Our study demonstrates a relatively high prevalence of NG in endurance athletes, in addition to the expected EH. Athletes with NG perform worse in exercise-stress test and exhibit some less advantageous functional heart characteristics. However, the type of heart geometry is not associated with negative clinical findings.

摘要

目的

耐力精英运动员预计会出现心脏重构,表现为离心性肥厚(EH),可能与更高的运动表现有关。然而,并非所有人都能出现心脏重构。本研究旨在确定没有心脏重构的耐力运动员,并描述其生理和临床特征。

方法

我们研究了 309 名耐力运动员(自行车、划船、皮划艇、三项全能、田径、长距离游泳、越野滑雪、中长距离径赛、五项全能、冬季两项、长距离滑冰和北欧两项),在训练期间通过临床评估、心电图、超声心动图和运动应激试验进行检查。

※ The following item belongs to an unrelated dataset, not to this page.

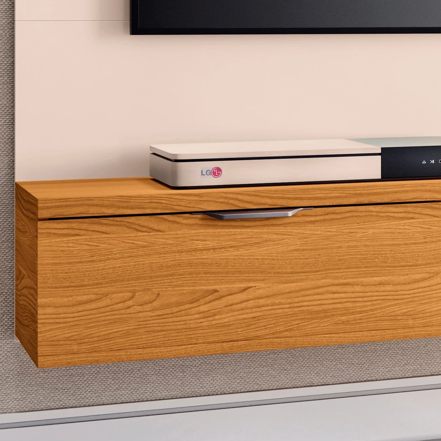 Este Painel Suspenso é a escolha ideal para quem busca aliar estilo e praticidade. Compatível com TVs de até 55, ele conta com um detalhe lateral ripado que traz um toque moderno e elegante ao seu ambiente. A prateleira superior e o tampo têm espessura de 25mm, oferecendo robustez e suporte para aparelhos eletrônicos e objetos decorativos. Além disso, o painel conta com 2 portas basculantes equipadas com dobradiças metálicas, e pistão a gás garantindo durabilidade e fácil manuseio. O puxador em poliestireno com acabamento na cor champanhe traz sofisticação e modernidade ao design. Produzido com MDP e MDF de alta qualidade, esse painel é resistente, durável e perfeito para quem deseja um móvel funcional e elegante para sua casa. Além disso, conta com um prático nicho embutido, ideal para acomodar objetos decorativos, eletrônicos ou acessórios, oferecendo ainda mais versatilidade ao ambiente. Não perca a oportunidade de transformar sua Sala de Estar, com esse Painel Para TV,que combina beleza, praticidade e qualidade, criando um ambiente ainda mais acolhedor e organizado.

记录了运动员的运动生涯成就(奥运会\世界锦标赛奖牌或国家\世界纪录)。

结果

EH 见于大多数运动员(男性 126 名,占 67%;女性 85 名,占 68.5%)。相当一部分运动员(n=59,男性占 31.3%;n=39,女性占 31.4%)表现出正常的几何结构(NG)。在应激试验中,EH 和 NG 运动员之间在峰值功率(男性 NG 组为 317.1±71.2W,EH 组为 342.2±60.6W,p=0.014;女性 NG 组为 225.1±38.7W,EH 组为 247.1±37W,p=0.003)和静息心率(男性 NG 组为 66.1±13,EH 组为 58.6±11.6,p=0.001;女性 NG 组为 68±13.2,EH 组为 59.2±11.2,p=0.001)方面存在显著差异,室性期前收缩(p=0.363 男性和 p=0.492 女性)也相似。然而,在运动成就方面并未发现显著差异。

结论

本研究表明,在耐力运动员中,除了预期的 EH 外,NG 的患病率相对较高。在运动应激试验中,NG 运动员的表现较差,且具有一些不太有利的功能性心脏特征。然而,心脏几何形状的类型与不良的临床发现无关。